Но все-таки мы два раза видели, как он плакал во время
лекции. Первый раз это было, когда он говорил о Песне про купца
Калашникова", но тогда он плакал скромно и старался показать, будто у него
глаз засорился. А передавая «Слово о полку Игореве», он плакал свободно и
доверчиво, и мы одновременно преклонились и перед его стариковской слезой, и
перед силой «Слова». Он умел так рассказывать о ем, что его слезы глубоко
волновали нас.
Начинал говорить о «Слове» Мефодий Васильевич неожиданными
словами:
— Мы с вами уважаем гражданскую литературу, такую
литературу, когда к нам обращается не только поэт, но и гражданин, когда он
зовет нас, волнует, побуждает к действию… Представьте себе, такой поэт, великий
поэт, страстный, настойчивый, жил в XII в. и оставил нам свой горячий призыв,
призыв гражданина! юноши, если кто-нибудь когда-нибудь перед вами начнет
поносить гражданскую поэзию, напомните ему «Слово о полку Игореве». Впрочем,
давайте читать.
Он поправлял очки, подносил книгу к близоруким глазам и, уже
волнуясь, приступал к чтению.
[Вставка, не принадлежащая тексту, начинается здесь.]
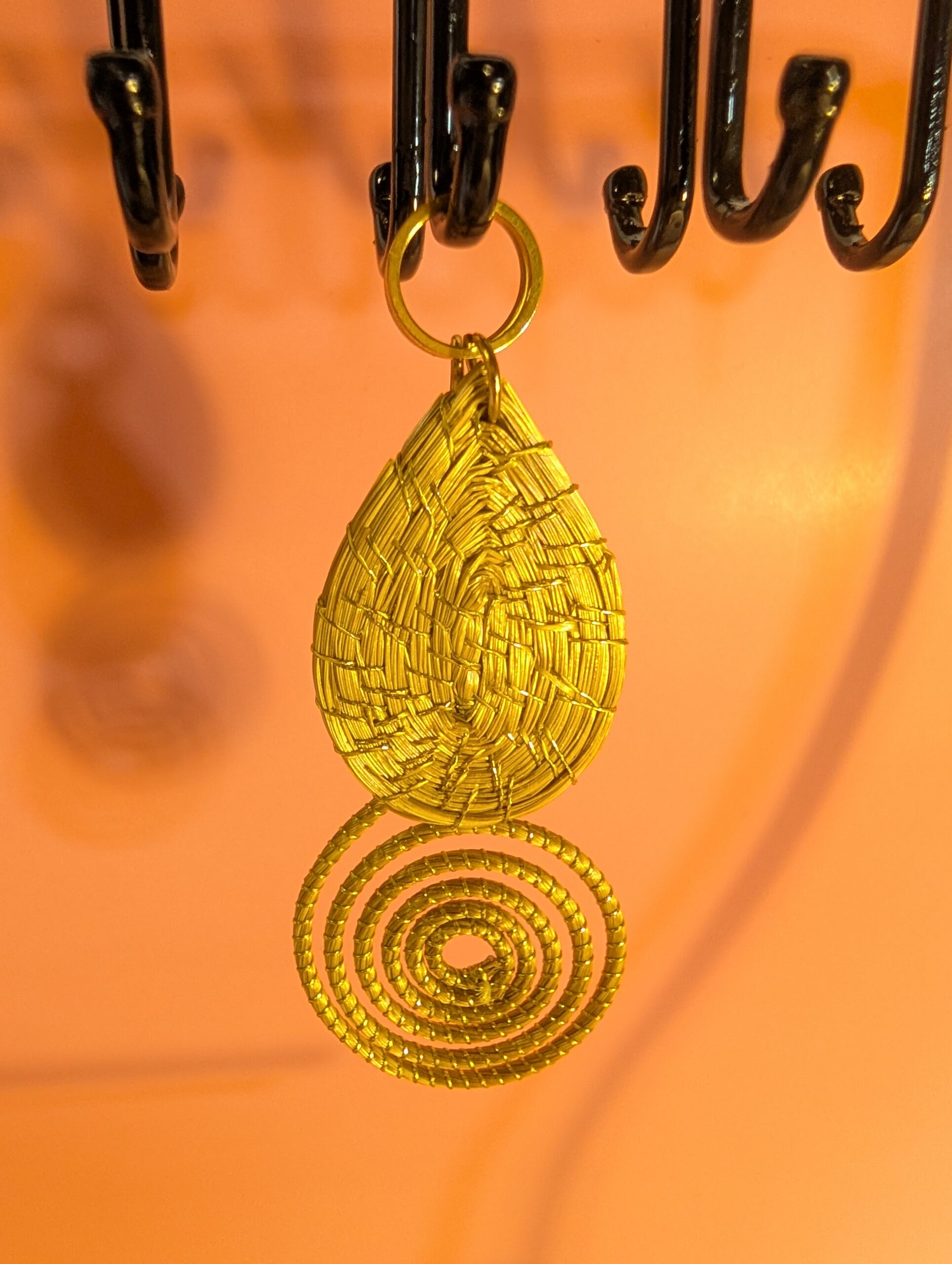 Son colgantes dorados de capim dorado, el oro vegetal brasileño. Joyería natural hecha 100% a mano con la famosa hierba dorada (Brasil).
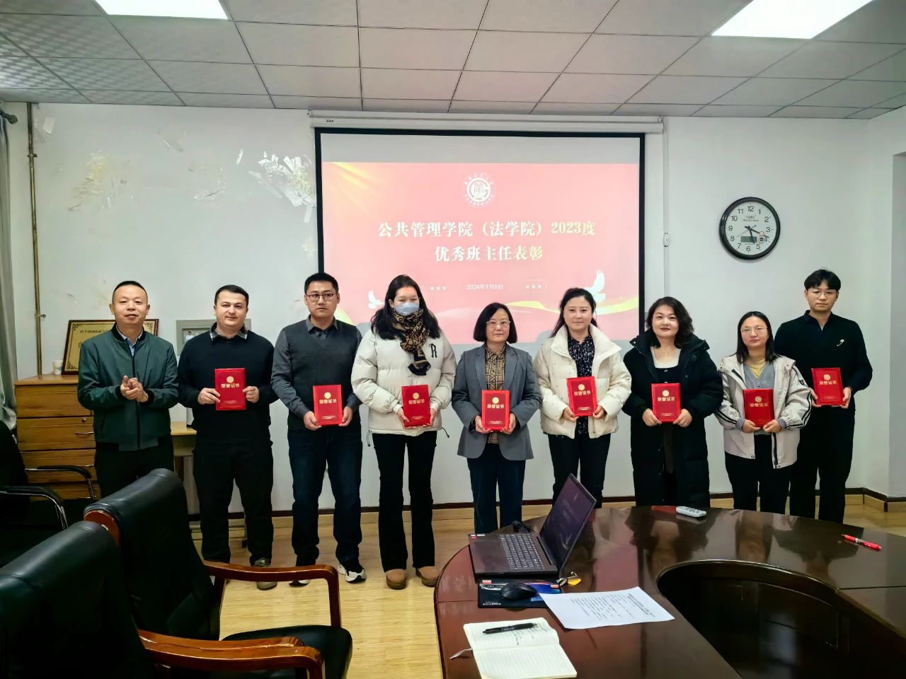 随后对学院2023年度获得优秀班主任的韩芳、张俊杰、王爽、夏依旦·瓦力、王颖、菊春燕、刘鹏、依麻木江·沙力江等8名老师进行表彰。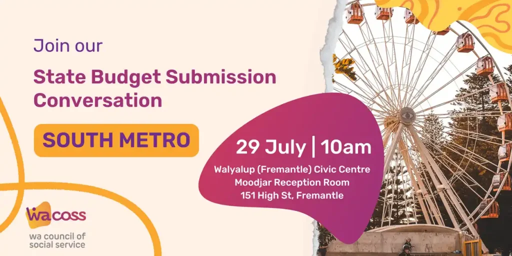 The Western Australian Council of Social Service (WACOSS) invites you to play a crucial role in our State Budget Submission Community Consultations. Each year, WACOSS delivers a comprehensive submission to the WA Government, recommending priorities for public investment to improve the lives of individuals and communities. The submission identifies emerging issues, underscores the critical needs of frontline community services, and the essential investment needed to build thriving communities.

Читал он просто, без приемов декламаторских, но
он умел незаметно вложить в каждое слово столько чувства, такую убежденность,
что древнее слово неожиданно хватало за сердце.
«А мои ведь куряне опытные витязи: под трубами повиты, под
шлемами укачаны, концом копья вскормлены; дороги им известны, овраги им
знакомы: луки у них натянуты, колчаны открыты, сабли отточены…»
Мефодий Васильевич опускал книжку, смотрел на нас строго
повех очков и говорил глухо, сберегая старые силы.
— Видите, были люди, доблестные люди, сильные и
воспитанные для борьбы… Юноши, эти люди были мужественны, и они знали, что за
ними стоит Русская земля. Знали, семь веков назад знали, может быть, не хуже,
чем мы с вами. Смотрите, как они умирали.
Он читал дальше:
"С утра до вечера, с вечера до рассвета летят стрелы
каленые, гремят сабли о шлемы, трещат копья харлужные…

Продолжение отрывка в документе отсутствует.